Impacto Prático: Custos de Adaptação e Novas Obrigações Acessórias
Para CFOs e contadores, a trava traz três desafios imediatos:
- Planejamento de Fluxo de Caixa: A incerteza sobre as alíquotas futuras exige modelos financeiros dinâmicos, capazes de simular cenários de redução automática. Empresas com margens apertadas devem mapear o impacto em 2027 (primeiro ano de monitoramento).
- Compliance Fiscal: A não-cumulatividade plena do IVA Dual exige revisão de sistemas de apuração de créditos. A regra de cobrança "por fora" (imposto não compõe a base de cálculo) demanda ajustes em ERPs e softwares de gestão tributária.
- Riscos de Contencioso: A trava pode gerar disputas entre contribuintes e fiscos sobre a metodologia de cálculo da arrecadação histórica.
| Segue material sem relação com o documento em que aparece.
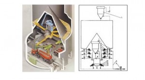 IBAU庫(kù)采用德國(guó)漢堡公司的連續(xù)均化技術(shù)。在外部帶一攪拌倉(cāng),庫(kù)底中心設(shè)一大圓錐,庫(kù)內(nèi)生料的重量通過(guò)該錐傳遞給庫(kù)壁,庫(kù)底環(huán)形空間被分成向中心傾斜10度的6個(gè)充氣區(qū),每區(qū)裝設(shè)3種規(guī)格的6個(gè)充氣箱。充氣卸料時(shí)生料先被送至一條徑向布置的充氣箱上,再經(jīng)過(guò)錐體下部的出料口由空氣斜槽送入庫(kù)底中央4000mm計(jì)量倉(cāng)中。卸料時(shí),生料在自上而下的流動(dòng)過(guò)程中,切割水平料層而產(chǎn)生重力混合 作用,進(jìn)入攪拌倉(cāng)后又連續(xù)充氣攪拌而得到進(jìn)一步均化,均化效果H可達(dá)6~8,電耗0.1~0.2Kwh/t生料。

Advogados tributaristas recomendam auditorias prévias para validar os dados de referência (2012-2021).
Setor de Serviços: Por Que o IBS é o Tributo Mais Sensível
O IBS, que substituirá ICMS e ISS, terá alíquota única nacional, mas sua implementação preocupa prestadores de serviços. Diferentemente do ICMS (cobrado na origem), o IBS será tributado no destino, o que exige:
- Revisão de contratos com clientes em outros estados/municípios.
- Adaptação de sistemas para emissão de notas fiscais com código de destino.
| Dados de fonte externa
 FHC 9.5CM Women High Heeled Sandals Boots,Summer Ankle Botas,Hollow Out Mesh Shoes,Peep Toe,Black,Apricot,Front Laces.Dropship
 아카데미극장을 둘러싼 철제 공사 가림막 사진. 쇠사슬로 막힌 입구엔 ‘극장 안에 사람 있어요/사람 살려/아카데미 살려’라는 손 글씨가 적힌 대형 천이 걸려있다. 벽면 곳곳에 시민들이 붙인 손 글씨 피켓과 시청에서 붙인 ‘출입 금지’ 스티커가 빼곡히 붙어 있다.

- Análise de impacto em cadeias produtivas longas (ex: TI, consultorias), onde a não-cumulatividade plena pode gerar créditos acumulados.
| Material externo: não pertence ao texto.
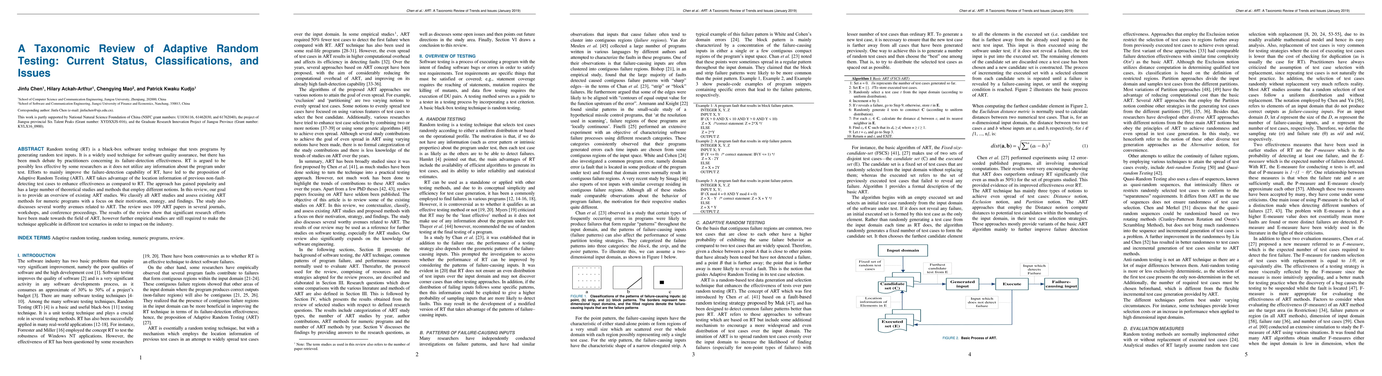Random testing (RT) is a black-box software testing technique that tests programs by generating random test inputs. It is a widely used technique for software quality assurance, but there has been much debate by practitioners concerning its failure-detection effectiveness. RT is argued to be possibly less effective by some researchers as it does not utilize any information about the program under test. Efforts to mainly improve the failure-detection capability of RT, have led to the proposition of Adaptive Random Testing (ART). ART takes advantage of the location information of previous non-fault-detecting test cases to enhance effectiveness as compared to RT. The approach has gained popularity and has a large number of theoretical studies and methods that employ different notions. In this review, our goal is to provide an overview of existing ART studies. We classify all ART studies and assess existing ART methods for numeric programs with a focus on their motivation, strategy, and findings. The study also discusses several worthy avenues related to ART. The review uses 109 ART papers in several journals, workshops, and conference proceedings. The results of the review show that significant research efforts have been made towards the field of ART, however further empirical studies are still required to make the technique applicable in different test scenarios in order to impact on the industry.
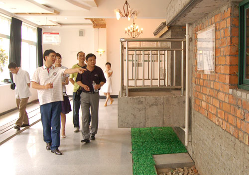 丁金昌院长向查教授介绍我院建工实训基地建设理念 8月9日上午,联合国教科文组织产学合作教席主持人、北京交通大学查建中教授莅临我院考察集“学做合一、生产与实训合一、教学与技术服务合一”的校内生产性实训基地。

O Que Fazer Agora: Checklist para Empresas
Prepare-se para a transição com estas ações:
- Diagnóstico: Mapeie a carga tributária atual (IPI, PIS, Cofins, ICMS, ISS) e projete o impacto do IVA Dual em 2026.
- Tecnologia: Invista em soluções de automação fiscal compatíveis com a não-cumulatividade plena e a cobrança "por fora".
- Treinamento: Capacite equipes em novas obrigações acessórias, como a declaração unificada do IBS (prevista na LC).
- Advocacia Preventiva: Consulte especialistas para avaliar riscos de contencioso relacionados à trava de carga tributária.
Opinião de Especialista: "Fim da Cumulatividade é Revolução Silenciosa"
Bruno Carazza, professor da Fundação Dom Cabral, destaca que o IVA Dual eliminará o efeito cascata da tributação atual. "A não-cumulatividade plena desonera investimentos e exportações, mas exige que as empresas se preparem para uma gestão de créditos mais complexa. Quem não se adaptar perderá competitividade", alerta.
Próximos Passos: Cronograma da Reforma
- 2024-2025: Regulamentação da LC (leis ordinárias e decretos).
- 2026: Início da transição (IBS e CBS começam a ser cobrados em paralelo aos tributos antigos).
- 2027: Primeiro ano de monitoramento da trava (CBS + IS).
- 2033: Extinção definitiva de IPI, PIS, Cofins, ICMS e ISS.
Nota do Editor: A trava é um avanço, mas não elimina riscos. Empresas devem monitorar de perto as regulamentações estaduais e municipais do IBS, que podem criar assimetrias regionais mesmo com alíquota única.